Llewellyn nods, relieved. “I’m glad, then.”
“If you needed me, in a professional capacity… it wouldn’t be strange. If I lose your inspector’s custom, he wouldn’t need to know, if I gained yours.”
“Ah… well, I had been… experimenting, with vegetarianism. And, largely, of late, I--” He swallows, sets his jaw. “I find it makes it… easier. To keep kosher.”
This is the moment, where he expects he might see some coldness, some shuttering. He has had enough occasion to see it in the short time since discovering his roots. And yet, there is none. And if they did talk again, somewhere down the line, he could say that, having not been raised in the faith, he’s decided he doesn’t need to keep kosher. His trouble with meat was with the industry and not the morals nor the enjoyment, there really is nothing keeping him from going back, were it to someone he trusted. But he’d needed to know that he could say… that it wouldn’t matter.
“So you would have very little need of me, professionally, I imagine.” Jack nods.
“It’s… all somewhat recent, for me, so… who’s to say? I may yet decide neither diet suits. But-- if I didn’t come to see you, at your business, that’s why. I’m sorry. It… would have been easy.”
“It would never have been easy.” Jack shakes his head. “But it would have been agreeable.”
“Yes.”
He walks him to the door. Not much of a walk, and he hesitates a moment before he turns the knob.

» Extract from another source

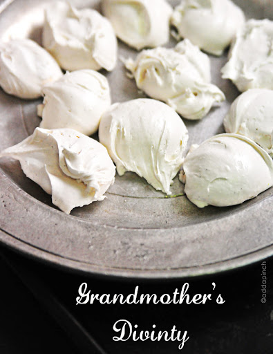 Using two teaspoons and working quickly, drop scoops of divinity onto sheets of waxed paper that has been placed on top of cooling racks. If the divinity begins to harden, add a few drops of warm water to help loosen it while working.

“I would rather not list my own bad points. I have them… And after tonight, you and I have no real business together, and it would be unwise-- But I would rather… Please remember me by my good ones, if you have no other excuse to talk to me. Or discover my bad ones in time. The choice is yours.” And he opens the door.

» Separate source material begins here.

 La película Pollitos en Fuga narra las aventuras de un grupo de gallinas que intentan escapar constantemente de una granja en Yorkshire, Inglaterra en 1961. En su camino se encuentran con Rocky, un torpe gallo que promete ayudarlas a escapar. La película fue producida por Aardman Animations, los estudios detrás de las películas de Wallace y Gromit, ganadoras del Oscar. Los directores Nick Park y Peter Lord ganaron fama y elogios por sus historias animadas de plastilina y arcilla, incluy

“Whether or not you list me your bad points, I would remember your better ones.” Llewellyn swings around to lean beside the doorframe just a moment. “You didn’t have to come back for me.”

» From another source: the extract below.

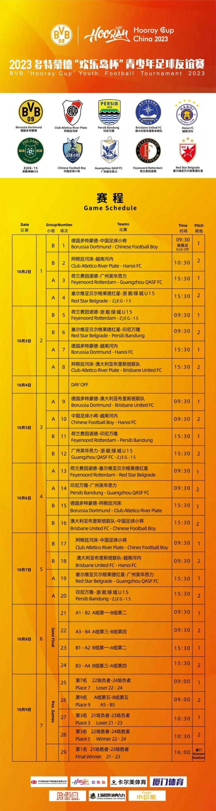 2023 多特蒙德“欢乐岛杯”青少年足球友谊赛10月2日—8日在福建漳州欢乐岛国际足球训练基地举行!该项赛事设置为U15年龄段,德国多特蒙德、阿根廷河床、印尼万隆、澳大利亚布里斯本联队、越南河内、荷兰费因诺德、塞尔维亚贝尔格莱德红星,以及浙江职业足球俱乐部、中国足球小将、广州英华思力集结的10支国内外顶尖球队参赛。据了解,此次来华参赛的多特蒙德U15梯队是德国该年龄段冠军球队。

“Oh, I disagree.” Jack smiles, and with Jack on the one side of his door and Llewellyn on the other, he holds out his hand.
They both glance along the corridor. No other doors open, and yet the fact they could hangs heavy. Llewellyn takes his hand… but he thinks he might have taken it more softly, if there were no neighbors. He might have turned it in his, and lingered over the pattern of calluses of his trade.
“Thank you again for coming by, Detective Watts.” Jack says-- another door opens, before Llewellyn can protest any formality.
“Well… I should thank you, again, for your assistance. And my apologies, for… your being mixed up in the unpleasantness.” And the neighbor is hovering to eavesdrop, he has to release Jack’s hand sooner than he would like, has to lose the warmth of it, the firm grip… “Er-- regards. I mean-- yes. Dreadful mess. But! The killer is off the streets, thanks in part to you, and the constabulary should be grateful.”
“Oh, my!” The neighbor takes the mention of a killer for an invitation to join them rather than merely lingering around her own front door. “Mister Walker, whatever did you stumble into!”
“Delivery.” He doesn’t miss a beat, though the lie is stiff at first. “I had made a large delivery, for a party. When I went to settle, I… I discovered the host.”
“Mm. Poor fellow.” Llewellyn nods. “Mister Walker was mistakenly named a person of interest, but thanks to his… keen eye, we were soon enough put onto the right path with it. And I just wanted to offer some-- well, thanks and apologies and… reassurance, that the matter is entirely settled, I hope with no further cause for worry.”
“And if I can ever be of help again, Detective.” Jack gives him a smile. He has a certain way of smiling. It is… tight, but not cold. Contained. That, he thinks he understands. Warm. That… he’s not sure.
“I’ll know where to find you.” He tips his hat, turns and heads off, isn’t sure if he’s walking too fast or not fast enough, but suddenly it’s hard to breathe. It's a long time before it gets any easier.